The bottom line is, there should be a little more honor in a person. A little more gratitude and consideration on behalf of Malkin to the hockey system that groomed him would be advised. Maybe the Pens have another Alexei "I signed a contract, so what!" Yashin on their hands. Malkin will make millions in the NHL thanks to his hockey prowess. His reputation as a person has just gotten it's first dent.

I understand the Russian coach's use of the word "terrorism". It is laying it on a bit heavy. If refers to the American way of stepping into places beyond their boundries and taken whatever they feel like.

All they wanted outof Malkin was one more season. They even nogiated the deal down from three seasons to one to suit him. This is his way of saying thank-you. A shame!

 
At August 14, 2006 at 6:45 PM , Blogger Zanstorm said...

"he could command whatever salary he wanted from Modo"

no he can't. They won't pay him 6 million in Sweden!

You are giving people too much benefit of the doubt maybe? Money is a HUGE factor.

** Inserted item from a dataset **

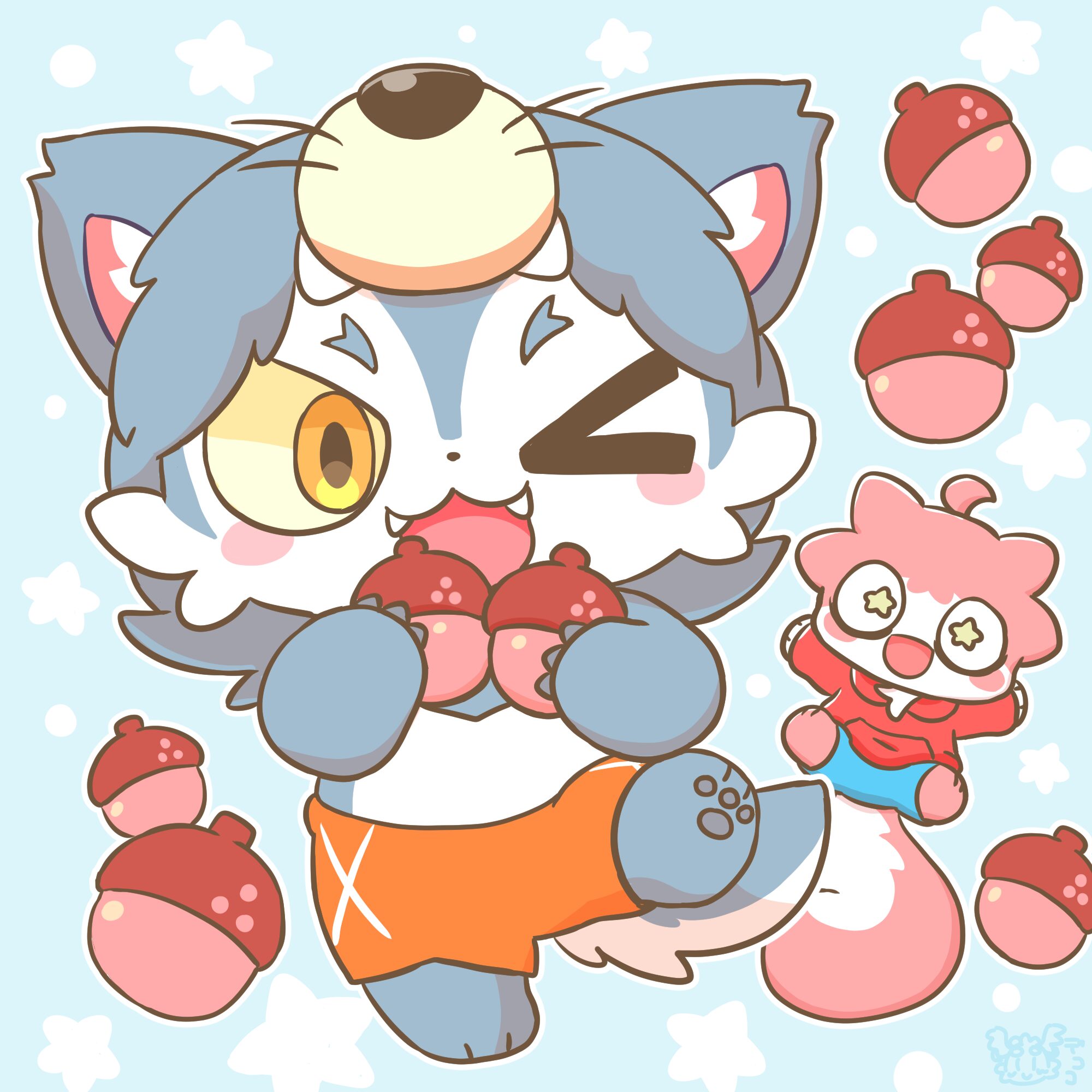 おおかみ少年くんがイチゴどんぐりを囲まれていて喜んでいるんだけど、その裏にいるアリスクくんはそれ以上に喜んでいるみたいで、目に星の印が浮き出てしまうほどだよ。「ちみっともうりょう」でおおかみ少年くんが大きな姿だった時に、アリスクくんのしっぽで酷い目に合ったことをまるで忘れているかのようだけど、アリスクくんからしたらそれは好都合だったよ。それどころか、おおかみ少年くんはイチゴどんぐりをアリスクくんが代わりに取ってきてくれたと解釈してくれたんだ。おかげで、おおかみ少年くんがアリスクくんのことをリス野郎呼びになるきっかけの嫌な出来事もきっとチャラになったね。

The NHL and Stanley Cup is the pinnacle I agree. But I really wonder how much that is the case with these players. Pay Malkin or the Bure's of the past 5 million per season in Russia and I bet not as many of them come to North America. The championships in Europe are pretty big too!

 
At August 14, 2006 at 7:06 PM , Blogger reality check said...

The owners of these club team have very deep pockets. There is one such arene in Germany that packs 20,000 fans per game. Their payrolls are nowhere near the NHL cap and much of the money they take in is pure profit. Notice the tricl\kle of NHLers heading back there the past two years. If an NHL star were to be interested, it is not unlikely they could fetch salaries in the 3M range. It is belived many owners would go for one big star per team. Among the many allures they have is playing for their home country. The player reaps it in big time with endosement deals and such. What they cannot provide is the opportunity to play in the worlds biggest league and chase the cup you rightfully call their pinnacle.

It will happen eventually though. A player will see more lucre there at the end of their career. With their skills slowed, they'd be an even better fit there. Watch guys such as Jagr, Naslund, and Forsberg consider it in a few years. I doubt that one would head there in their prime though.

 
At August 14, 2006 at 7:46 PM , Blogger Zanstorm said...

RC I agree. Right now Europe can be a North American hockey player graveyard of sorts.
Yeah the allure of playing for one's own country...but mostly if it pays well!
I wonder what the dollar amounts are for player endorsements in Europe.
20,000 German fans at a game is news to me..impressive!

Temujin, were you referring to players living well in Europe with $3 million salaries?
There's just not alot of exposure either. Also, if European games were televised, I'd definitely watch! I wonder how many others would.

 
At August 14, 2006 at 8:01 PM , Blogger Temujin said...

Temujin, were you referring to players living well in Europe with $3 million salaries?

I suspected Markus Naslund could fetch at least 3 million to play for Modo.

Okay, maybe not Markus, but definitely Mats :-)

Here is a bit of information, albeit a little dated:

http://www.eiro.eurofound.eu.int/2000/02/feature/se0002126f.html

"The average monthly salary is estimated to lie between SEK 30,000 and SEK 35,000, but there are large variations, with young players often receiving less and top players commanding higher salaries."

30-35,000 Seks per month is a little less than $5,000 US per month. That isn't much compared to the NHL, but the article says that top players commanded higher salaries.

At another board,

http://hfboards.com/archive/index.php/t-15592.html

a guy says "the average salary in the swedish league is 75-80,000 a year. There are 15-20 players that make more than $150.000 (but not more than 250K)."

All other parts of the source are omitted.